This is particularly why I like Ubuntu these days. It seems they have a vision
and are sticking to it. Most current Ubuntu users are going to be quite happy,
but there will be a few very vocal community members who are essentially
caught in a "who moved my cheese" scenario and they will be quite loud. Unity
is turning out to be the best DE in all of Linux and they are doing something
different, bold and it is clear there is a unified vision there. Had they
listened to the community, they would still be doing GNOME2 for the next 10
years and the status quo would remain...no movement, no growth, no real
innovation.

Another community that seems to get it right, as much as I am not a fan of the
whole community, is Rails. DHH made some tough calls (Coffescript and not
going to HAML and Rspec) and there were quite a few people who hated those
decisions, but DHH either had a vision or made a random call (hard to tell in
his case) and stuck with it. Seems to be working out for them.

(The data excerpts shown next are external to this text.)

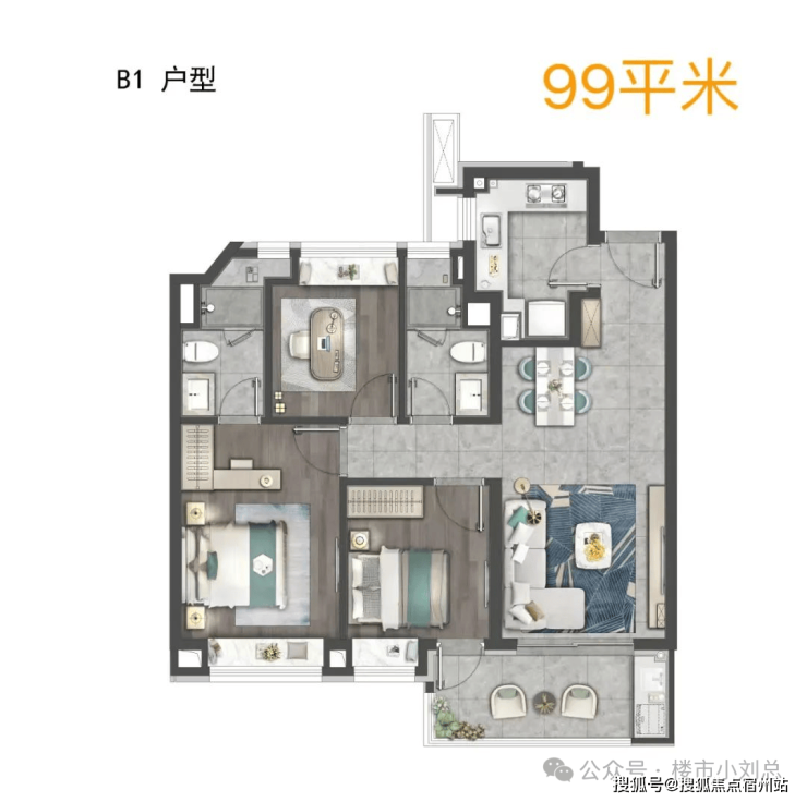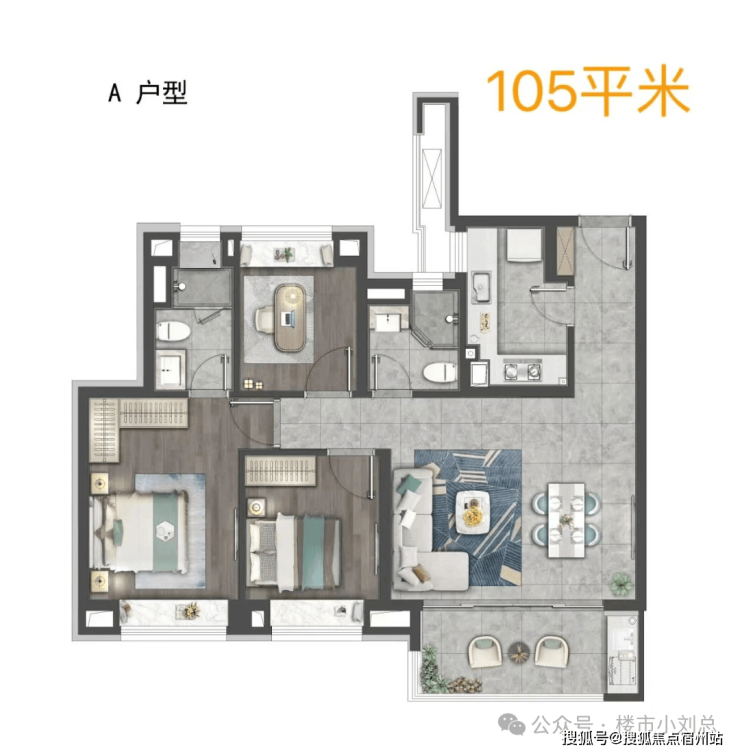 以 99㎡三房两厅两卫户型为例,客餐厅连接景观阳台,采光面更大,为日常生活带来更多舒适感,双卫设计更为生活增添便利。105㎡三房两厅两卫户型,客餐厅与阳台一脉相连,居住空间感进一步扩大,约 5.1 米的宽厅,无论是日常休憩还是会客,都尽显大方得体。此外,项目中央空调、地暖、新风三大件配套齐全,且臻选大金等同级品牌空调地暖、老板和方太等同级品牌厨房配备、摩恩、弗兰卡、科勒等同级品牌卫浴配备 ,每一处细节都彰显着对居者的用心,为您打造高品质的居住环境。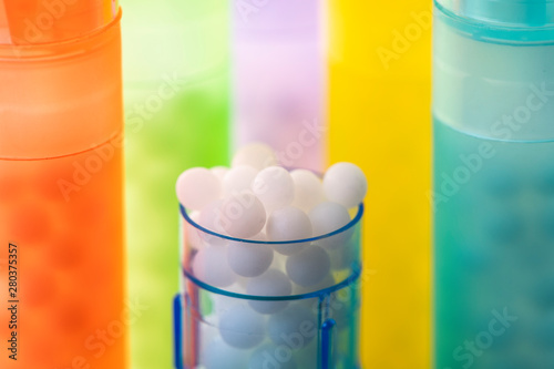 Modern Color homeopathic pills in plastic container on black background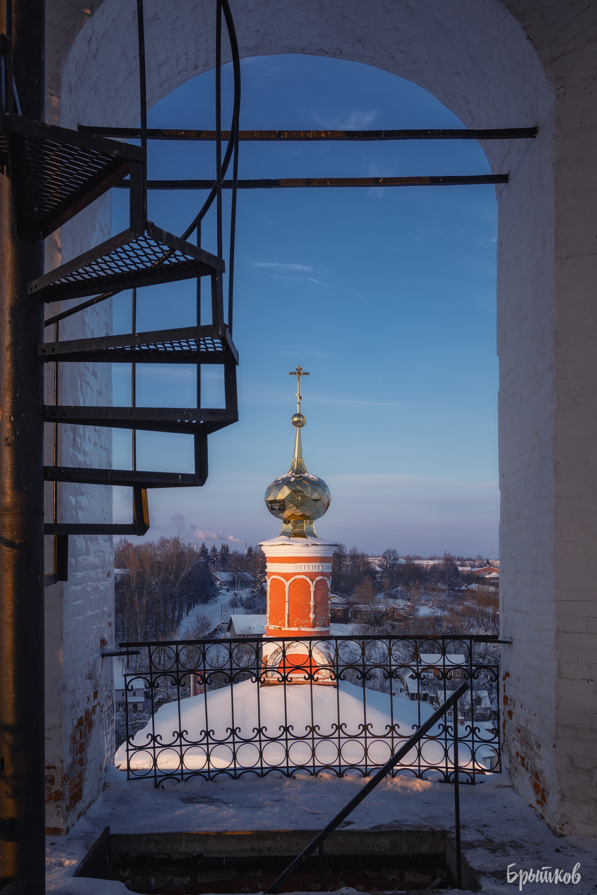 Вы сняли монастырь в зимнем свете — хорошо получилось. Вид из арки, с высоты, на закате — спокойно, чётко, с чувством места. Снег, золотые купола, тени — всё в меру. Неплохо.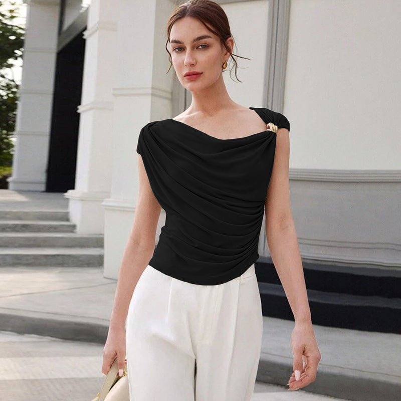 Summer Women Clothing Solid Color Simple Personality Diagonal Collar Sleeveless Cinched Slimming Pullover Women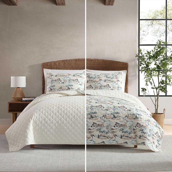 Alani Island Conversation 3 Piece Beige Cotton King Quilt Set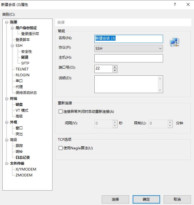 如果我们想要创建一个新的服务器连接,那么就需要创建一个新的会话。点击菜单:“文件”—“新建”,打开会话新建窗口,具体窗口视图见图2。
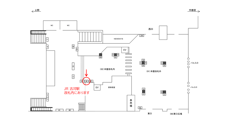 古河駅の改札内コンコースにある電飾看板です。宇都宮線ホームと改札を行き来する途中にあります。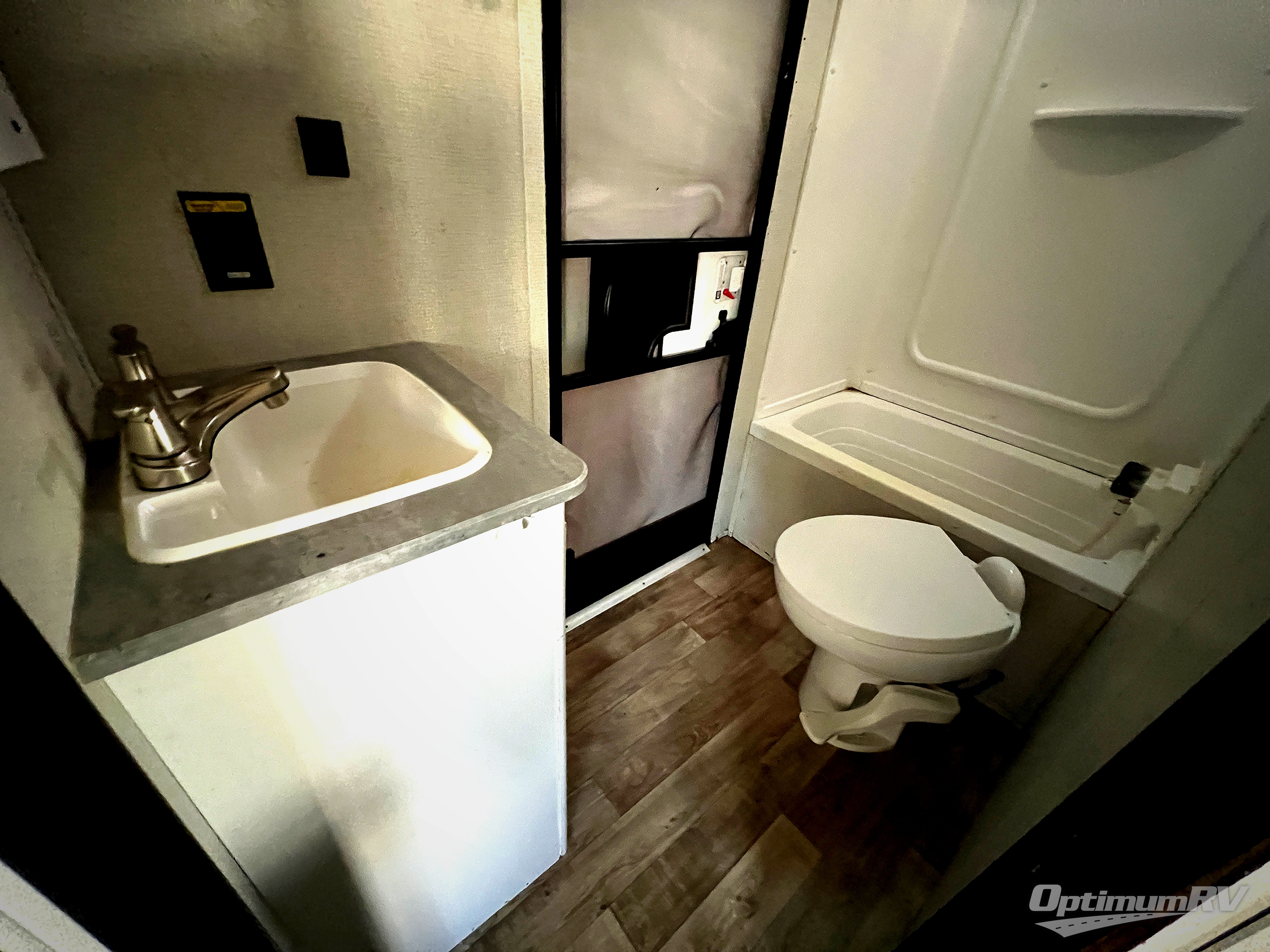Get away with ease in this Hideout travel trailer! You will have your own private place to sleep in each night with the private bedroom up front. This bedroom has a queen-size bed, closets and nightstands on either side of the bed, overhead cabinets, and a laundry chute. Just outside the bedroom is where the entertainment center is located. The entertainment center has been prepped for a fireplace, and you can add an optional 40" HDTV too. The large slide holds the booth dinette and jackknife sofa, and the central vacuum will help you clean up any messes that are made throughout the trip.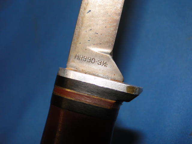 The knife is marked at the base on both sides.  One side reads MR330 - 3 1/2.  The other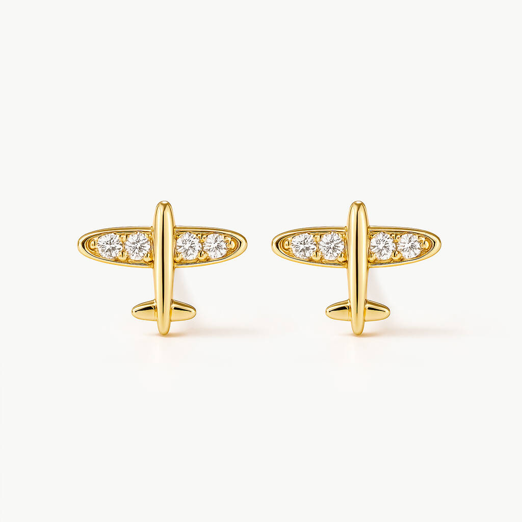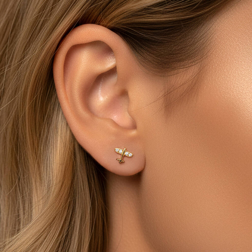 Gold Or Silver Women's Tiny Airplane Stud Earrings

And, lastly, Apple. I really, really dislike Apple these days. I think they
are going Evil pretty quickly. BUT, they stick to their guns when everyone
else tells them they should be doing something different. Let other people
build mac hardware? Open up iPhone/iPad development off Macs? Flash on the
iPhone/iPad? App store taking 30% from in app purchases?

Overall, I think the message is this: Have a vision, understand what you are
doing and execute to your vision. You might be right, you might be wrong, but
you can't please everyone so know what you are trying to do and do it. Hot or
cold but not lukewarm.

------
gravitronic
This is especially important in the era of MVP where you are showing the
public the absolute bear minimum and all further progress is done in the
public's eye.